Dataset excerpts

──────

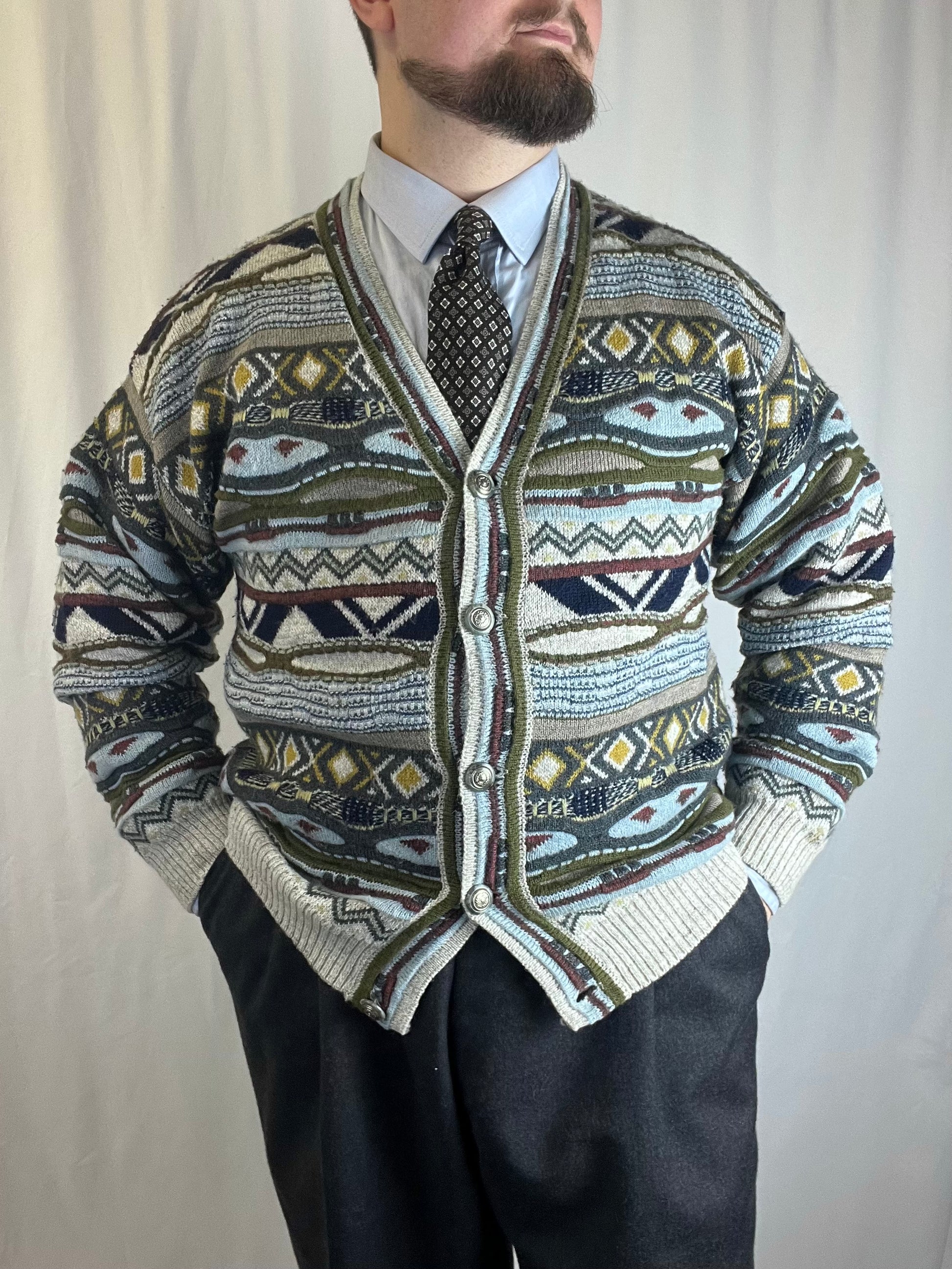 Cardigan anni '80, in pura lana, di colore grigio, verde e blu e borgogna.
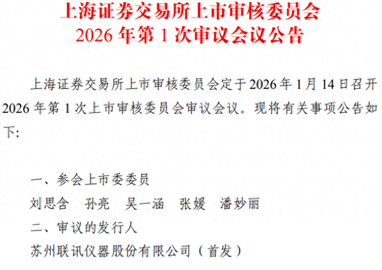 瞭望塔财经近日获悉,上海证券交易所上市审核委员会的审议会议定于2026年1月14日召开,苏州联讯仪器股份有限公司的科创板IPO申请将迎来终极考验。
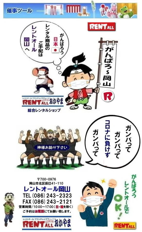 〒700-0976 岡山県岡山市辰巳41−110 レントオール岡山 TEL( 086 ) 243-2323 FAX( 086 ) 243-2121 営業時間/10:00〜18:00(日・祝を除く)
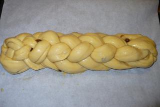 Později přidat rozinky, mandle, atd. Na potření 1 vejce. Pečeme 1O minut na 200 st. pak asi 30-40 minut na 170.
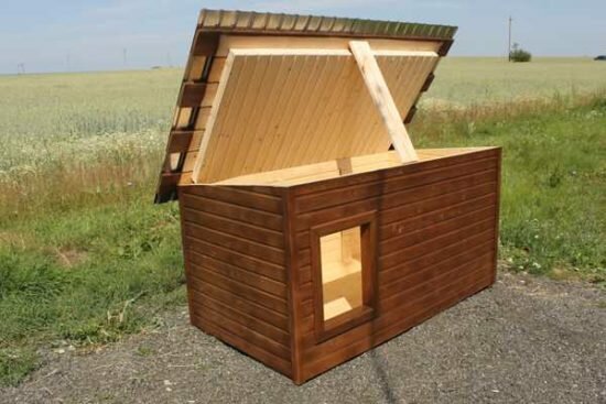 Также хорошим выбором будет съемная крыша, которую можно закрепить, например, на дверные петли. Это решение позволит без труда делать уборку внутри будки, обеззараживать стенки и пол от блох и прочих насекомых.
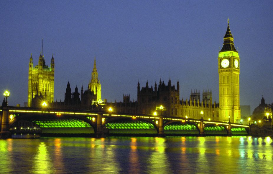 英國倫敦著名古鐘,即威斯敏斯特宮報(bào)時(shí)鐘(坐標(biāo):51°30′02.2″N, 00°07′28.6″W)英國國會會議廳附屬的鐘樓,建于1859年。安裝在西敏寺橋北議會大廈東側(cè)高95米的鐘樓上,鐘樓四面的圓形鐘盤,直徑為6.7米,是倫敦的傳統(tǒng)地標(biāo)。2012年6月,英國宣布將把倫敦著名地標(biāo)“大本鐘”的鐘樓改名為“伊麗莎白塔”。
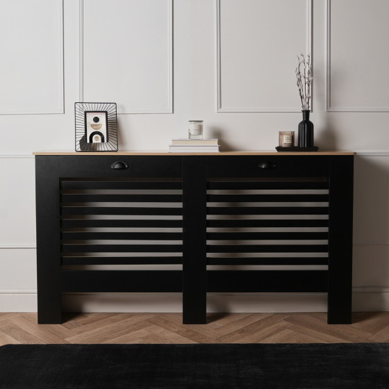 The OHS Wooden Radiator Cover in Black is a stylish and practical solution to enhance your home's interior while maximizing space and safety. Featuring a sleek and classic black finish, this radiator cover seamlessly blends with any decor style, from modern to traditional. The clean lines and minimalist design add a touch of sophistication to your living space.
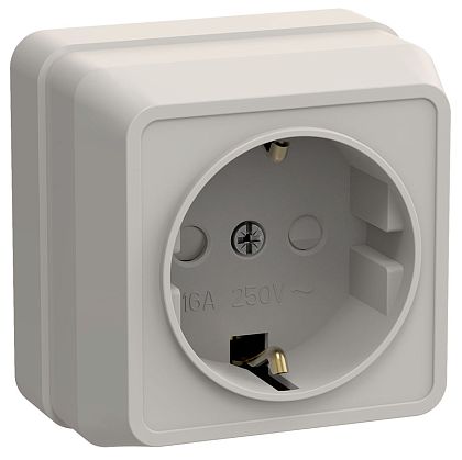 РСш20-3-ОБ Розетка 1местная с заземлением с защитными шторками 16А открытое устройство ОКТАВА (белый) IEK
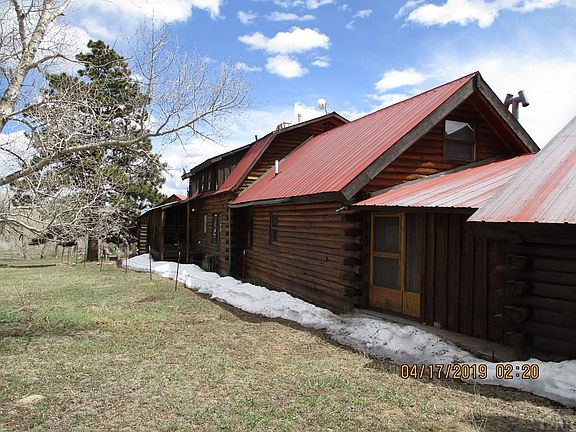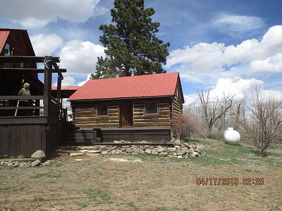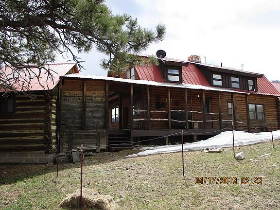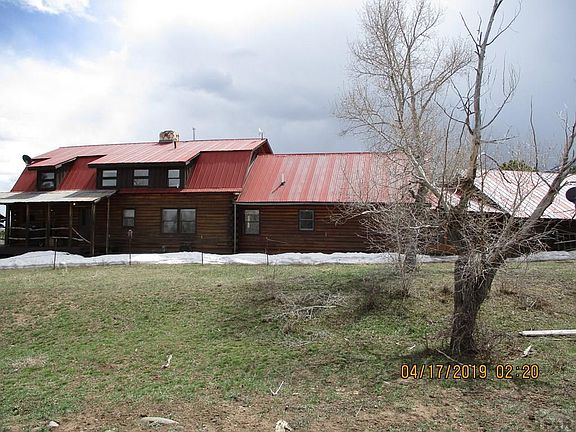 If you are looking for rustic, rural, acreage property for your animals that sits at the base of the Sangre de Cristo's AND is a log home, you are in for a treat. Over 40 acres of peace, tranquility and quiet while you sit on your covered 3 side wrap around porch. Have company coming? There is a 423 sq. ft. cabin with bath, kitchen and bedroom area. The main home has an enclosed solarium for the plant lover. The main floor has a large living room, dining area and country kitchen. The rock fireplace with wood insert will warm you on those crisp fall and winter evenings. The country kitchen will not disappoint. Nice cabinetry, refrigerator, dishwasher, range/oven and microwave appliances are all included! There is also a bar area for your wine and glasses! The ceilings are wood beams and the walls are log. There are two bathrooms on the main floor, one with a claw bath tub. The laundry room includes the washer and dryer. Walk upstairs to the loft area that has an abundance of storage space, two bedrooms and one bathroom. The basement includes a freezer and has a crawl space area for further storage. Electric hot water heat as well as propane forced air is a plus! The property also has a foaling barn with a garage door, gates and hay being left behind. The metal roof stands up to any weather that may come its way. Property has perimeter fencing, well, septic system and olden relics being included for your rustic ranch enjoyment.
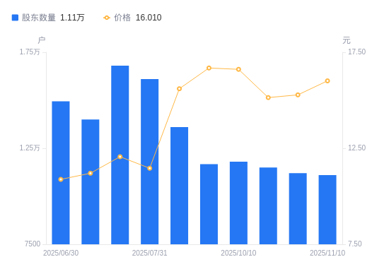 近一年(2024年12月20日至2025年11月10日),康普顿A股股东户数从1.5万户,减低至1.11万户,降幅26.00%,区间股价上涨84.02%。
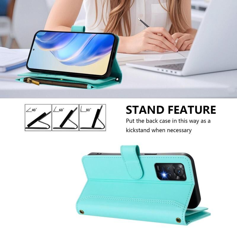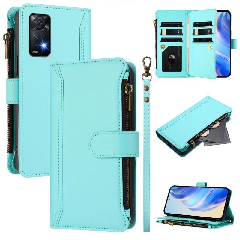 Για Redmi Note 11 Pro 4G / 5G Μαγνητικό Κλείσιμο 9 Θήκες Κάρτας Δερμάτινη Θήκη με Φερμουάρ και Λουρί Χεριού (Σκούρο Μπλε)
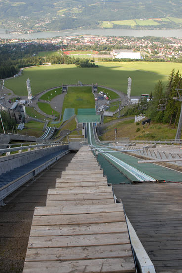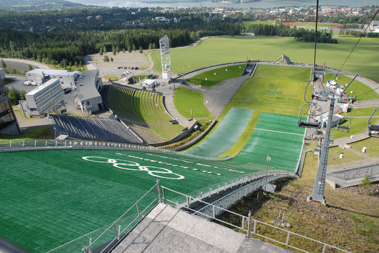 Weiter geht´s dann zur Lysgardsbakkene. Die Sprungschanze ist natürlich das Wahrzeichen von Lillehammer. Wir fahren mit dem Sessellift (um € 14,- für 2 Personen) rauf und werden mit einem tollen Ausblick belohnt.
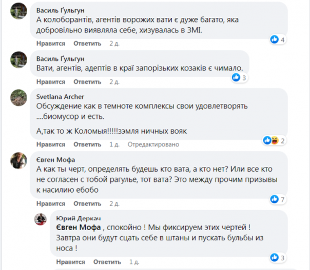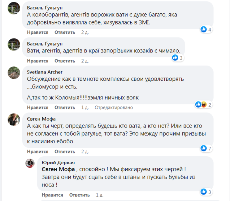 «Обсуждение как в темноте комплексы свои удовлетворять ....биомусор и есть. А, так то ж Коломыя!!!!! Зэмля ничных вояк», - иронично заметила Svetlana Archer.
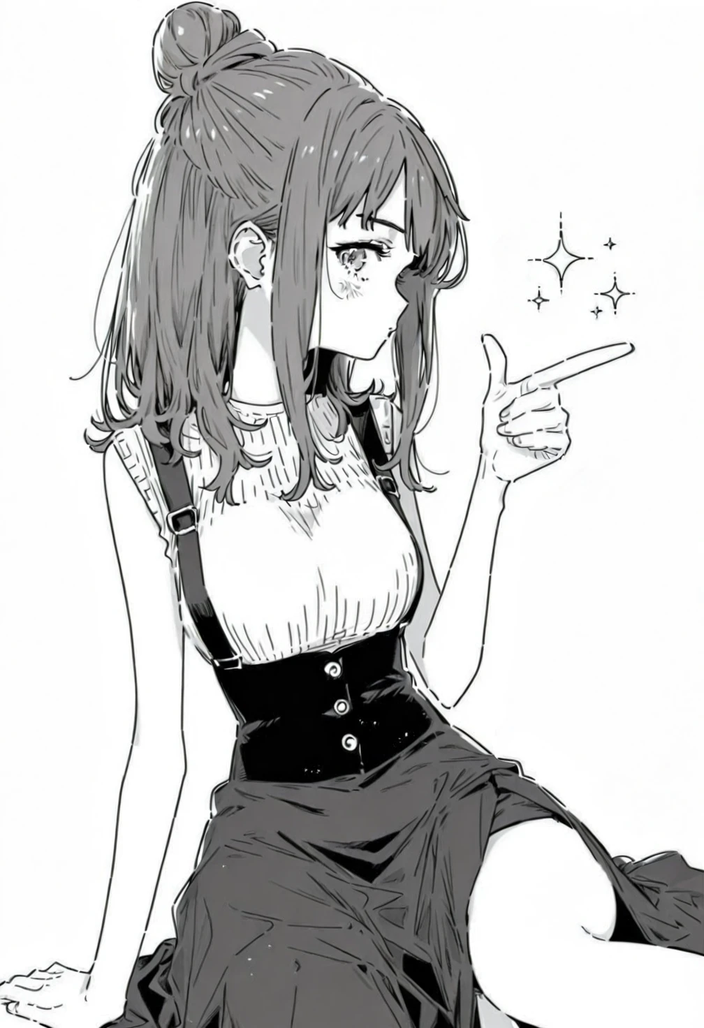 greyscale,monochrome,Yanami Anna,blue eyes,blue hair,long hair,bangs,sidelocks,single hair bun,ch7 white shirt,ch7 ribbed shirt,ch7 sleeveless,ch7 bracelet,ch7 skirt,ch7 black skirt,ch7 suspenders,ch7 suspender skirt,ch7 high-waist skirt,ch7 long skirt,ch7 side slit,ch7 sandals,ch7 white footwear,ch7 platform footwear,costume8
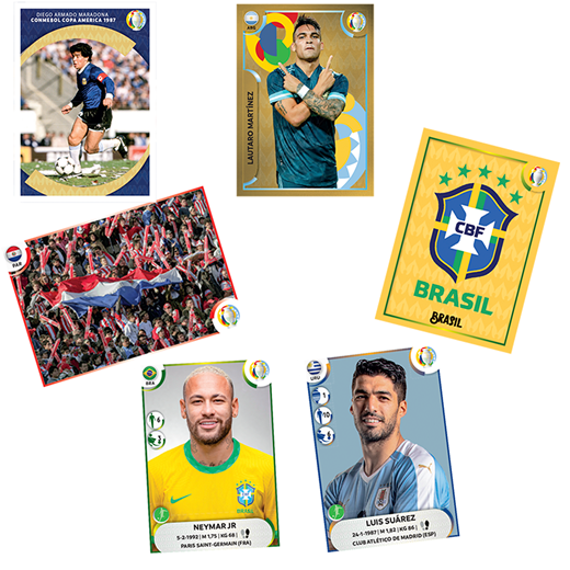 LA CHECK-LIST Intro01. Copa América logo Intro02. Balón Intro03. Ciudades Sedes SEDES Y ESTADIOS C01. Córdoba C02. Estadio Mario Alberto Kempes 1/2 C03. Estadio Mario Alberto Kempes 2/2 C04. Estadio Malvinas Argentina 1/2 C05. Estadio Malvinas Argentina 2/2 C06. Mendoza C07. Buenos Aires C08. Estadio Antonio Vespucio 1/2 C09. Estadio Antonio Vespucio 2/2 C10. Estadio Único 1/2 C11. Estadio Único 2/2 C12. Santiago de Estero C13. Bogotá C14. Estadio El Campín 1/2 C15. Estadio El Campín 2/2 C16. Cali C17. Estadio Olímpico Pascual Guerrero 1/2 C18. Estadio Olímpico Pascual Guerrero 2/2 C19. EStadio Atanasio Girardo 1/2 C20. Estadio Atanasio Girardo 2/2 C21. Medellín C22. Barranquilla C23. Estadio Metropolitano Roberto Meléndez 1/2 C24. Estadio Metropolitano Roberto Meléndez 2/2 GRUPO A ARG01. Emblem (Argentina) - Holograph ARG02. Team 1/2 (Argentina) ARG03. Team 2/2 (Argentina) ARG04. Franco Armani (Argentina) ARG05. Esteban Andrada (Argentina) ARG06. Lucas Martínez Quarta (Argentina) ARG07. Juan Foyth (Argentina) ARG08. Gonzalo Montirl (Argentina) ARG09. Nicolás Otamendi (Argentina) ARG10. Nicolás Tagliafico (Argentina) ARG11. Leandro Paredes (Argentina) ARG12. Exequiel Palacios (Argentina) ARG13. Giovani Lo Celso (Argentina) ARG14. Rodrigo de Paul (Argentina) ARG15. Ángel di Maria (Argentina) ARG16. Lautaro Martínez (Argentina) - Holograph ARG17. Luca Ocampos (Argentina) ARG18. Nicolás González (Argentina) ARG19. Joaquín Correa (Argentina) ARG20. Lionel Messi (Argentina) ARG21. Sergio Agüero (Argentina) ARG22. Lucas Alario (Argentina) ARG23. Paulo Dybala (Argentina) ARG24. Lautaro Martínez (Argentina) ARG25. Primera Equipación (Argentina) ARG26. Segunda Equipación (Argentina) ARG27. Hinchada (Argentina) ARG28. Celebración (Argentina) ARG29. Identidad (Argentina) BOL01. Emblem (Bolivia) - Holograph BOL02. Team 1/2 (Bolivia) BOL03. Team 2/2 (Bolivia) BOL04. Javier Rojas Iguaro (Bolivia) BOL05. Carlos Lampe (Bolivia) BOL06. Adrían Jusino (Bolivia) BOL07. José Sagredo (Bolivia) BOL08. Diego Bejarano (Bolivia) BOL09. Gabriel Valverde (Bolivia) BOL10. Óscar Ribera (Bolivia) BOL11. Roberto Fernández (Bolivia) BOL12. Diego Wayar (Bolivia) BOL13. ERwin Saavedra (Bolivia) BOL14. Leonel Justiniano (Bolivia) BOL15. Rudy Cardozo (Bolivia) BOL16. Alejandro Chumacero (Bolivia) - Holograph BOL17. Moisés Villarroel (Bolivia) BOL18. Alejandro Chumacero (Bolivia) BOL19. Boris Céspedes (Bolivia) BOL20. Henry Vaca (Bolivia) BOL21. Juan Carlos Arce (Bolivia) BOL22. Víctor Ábrego (Bolivia) BOL23. Gilbert Álvarez (Bolivia) BOL24. Marcelo Moreno (Bolivia) BOL25. Primera Equipación (Bolivia) BOL26. Segunda Equipación (Bolivia) BOL27. Hinchada (Bolivia) BOL28. Celebración (Bolivia) BOL29. Identidad (Bolivia) URU01. Emblem (Uruguay) - Holograph URU02. Team 1/2 (Uruguay) URU03. Team 2/2 (Uruguay) URU04. Fernando Muslera (Uruguay) URU05. Martín Campaña (Uruguay) URU06. Diego Godín (Uruguay) URU07. Martín Cáceres (Uruguay) URU08. José Giménez (Uruguay) URU09. Sebastián Coates (Uruguay) URU10. Matías Viña (Uruguay) URU11. Ronald Araujo (Uruguay) URU12. Nahitan Nandez (Uruguay) URU13. Lucas Torreira (Uruguay) URU14. Federico Valverde (Uruguay) URU15. Rodrigo Betancur (Uruguay) URU16. Diego Godín (Uruguay) - Holograph URU17. Nicolás de la Cruz (Uruguay) URU18. Georgian de Arrascaeta (Uruguay) URU19. Jonathan Rodríguez (Uruguay) URU20. Luis Suárez (Uruguay) URU21. Brian Rodríguez (Uruguay) URU22. Maxi Gómez (Uruguay) URU23. Darwin Núñez (Uruguay) URU24. Edinso Cavani (Uruguay) URU25. Primera Equipación (Uruguay) URU26. Segunda Equipación (Uruguay) URU27. Hinchada (Uruguay) URU28. Celebración (Uruguay) URU29. Identidad (Uruguay) CHI01. Emblem (Chile) - Holograph CHI02. Team 1/2 (Chile) CHI03. Team 2/2 (Chile) CHI04. Brayan Cortés (Chile) CHI05. Claudio Bravo (Chile) CHI06. Gary Medel (Chile) CHI07. Mauricio Isla (Chile) CHI08. Paulo Díaz (Chile) CHI09. Guillermo Maripán (Chile) CHI10. Francisco Sierralta (Chile) CHI11. Sebastián Vegas (Chile) CHI12. Nicolás Díaz (Chile) CHI13. Jean Beausejour (Chile) CHI14. Charles Aránguiz (Chile) CHI15. Arturo Vidal (Chile) CHI16. Arturo Vidal (Chile) - Holograph CHI17. Erick Pulgar (Chile) CHI18. Claudio Baeza (Chile) CHI19. César Pinares (Chile) CHI20. Jean Meneses (Chile) CHI21. Alexis Sánchez (Chile) CHI22. Fabián Orellana (Chile) CHI23. Felipe Mora (Chile) CHI24. Eduardo Vargas (Chile) CHI25. Primera Equipación (Chile) CHI26. Segunda Equipación (Chile) CHI27. Hinchada (Chile) CHI28. Celebración (Chile) CHI29. Identidad (Chile) PAR01. Emblem (Paraguay) - Holograph PAR02. Team 1/2 (Paraguay) PAR03. Team 2/2 (Paraguay) PAR04. Antony Silva (Paraguay) PAR05. Júnior Alonso (Paraguay) PAR06. Gustavo Gómez (Paraguay) PAR07. Robert Roja (Paraguay) PAR08. Omar Alderete (Paraguay) PAR09. Fabián Balbuena (Paraguay) PAR10. Ángel Cardozo Lucena (Paraguay) PAR11. Andrés Cuba (Paraguay) PAR12. Ricard Sánchez (Paraguay) PAR13. Mathias Villasanti (Paraguay) PAR14. Gastób Giménez (Paraguay) PAR15. Matias Rojas (Paraguay) PAR16. Miguel Almirón (Paraguay) - Holograph PAR17. Alejandro Romero Gamarra (Paraguay) PAR18. Miguel Almirón (Paraguay) PAR19. Óscar Romero (Paraguay) PAR20. Hernán Pérez (Paraguay) PAR21. Antonio Sanabria (Paraguay) PAR22. Ángel Romero (Paraguay) PAR23. Darío Lezcano (Paraguay) PAR24. Braian Samudio (Paraguay) PAR25. Primera Equipación (Paraguay) PAR26. Segunda Equipación (Paraguay) PAR27. Hinchada (Paraguay) PAR28. Celebración (Paraguay) PAR29. Identidad (Paraguay) GRUPO B COL01. Emblem (Colombia) - Holograph COL02. Team 1/2 (Colombia) COL03. Team 2/2 (Colombia) COL04. David Ospina (Colombia) COL05. Álvaro Montero (Colombia) COL06. Santiago Ariaas (Colombia) COL07. Stefan Medina (Colombia) COL08. Dávinson Sánchez (Colombia) COL09. Yerry Mina (Colombia) COL10. Jeison Murillo (Colombia) COL11. William Tesillo (Colombia) COL12. Johan Mojica (Colombia) COL13. Wílmar Barrios (Colombia) COL14. Mat

──────

TASK REQUIREMENTS — Above are records; write out the lines from the one with "近一年(2024年12月20" down to the one with "заметила Svetlana Archer.", exactly, leaving the pictures out.

REPLY TO THE EXERCISE —
 近一年(2024年12月20日至2025年11月10日),康普顿A股股东户数从1.5万户,减低至1.11万户,降幅26.00%,区间股价上涨84.02%。
 Για Redmi Note 11 Pro 4G / 5G Μαγνητικό Κλείσιμο 9 Θήκες Κάρτας Δερμάτινη Θήκη με Φερμουάρ και Λουρί Χεριού (Σκούρο Μπλε)
 Weiter geht´s dann zur Lysgardsbakkene. Die Sprungschanze ist natürlich das Wahrzeichen von Lillehammer. Wir fahren mit dem Sessellift (um € 14,- für 2 Personen) rauf und werden mit einem tollen Ausblick belohnt.
 «Обсуждение как в темноте комплексы свои удовлетворять ....биомусор и есть. А, так то ж Коломыя!!!!! Зэмля ничных вояк», - иронично заметила Svetlana Archer.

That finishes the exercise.